Great, that makes sense. Thank you all for your help -- much appreciated!
Best,
Alex
On Sat, Jul 2, 2011 at 4:32 PM, Shay Banon shay.banon@elasticsearch.com wrote:
Hi,
Let me explain. Using the local gateway (the default one) there is no
meaning for snapshotting, since the data is persisted on each node, and
restored (on cluster restart) from the different nodes local data location.
Snapshotting is there for the shared gateway option. Its the process of
getting the local data and persisting it (delta wise) to the shared storage.

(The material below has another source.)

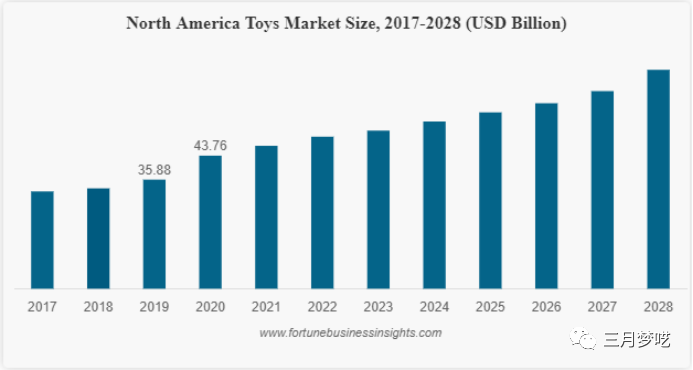 我们拿美国来举例,在2019-2021年的调查中发现,全美80%%的家庭都有节日给孩子买玩具的习惯。2020年全球的玩具市场的规模为1294.5亿美元,由于新冠疫情的影响,玩具的需求有所增加,2020年当年就实现了22.30%的增长,预计到2028年将增长到2306.4亿美元。

It works by default in a scheduled manner, but, the gateway snapshot API is
there to explicitly invoke it.
As for wheat Karussell suggested. Its a mean to backup in case you are
using the local gateway. Where you can disable translog flushing, make a
copy of each node data location, and then resume it.
-shay.banon
On Saturday, July 2, 2011 at 11:27 PM, Karussell wrote:
On Jul 1, 11:04 pm, Clinton Gormley clin...@iannounce.co.uk wrote:
Hi Alex
elasticsearch/modules/elasticsearch/src/main/java/org/elasticsearch/
action/admin/indices/gateway/snapshot/GatewaySnapshotRequest.java
says:
- Gateway snapshot allows to explicitly perform a snapshot through
the gateway of one or more indices (backup them).
- By default, each index gateway periodically snapshot changes,
though it can be disabled and be controlled completely
- through this API. Best created using {@link
org.elasticsearch.client.Requests#gatewaySnapshotRequest(String...)}.
I'd like to learn more about this, I wasn't able to find any code or
configuration knobs for the periodic snapshot feature. I understand
that this may not be documented yet; if it isn't, where should I look
for the code?
First of all, why do you not want to use the local (default) gateway? It
performs best.
Second, snapshotting in the shared gateway happens automatically, you
don't need to think about it.
If you want to back up a data dir, you should just be able to copy or
rsync it. To be sure that no segments have merged in the meantime, you
can just run a second rsync on it, which should be much faster.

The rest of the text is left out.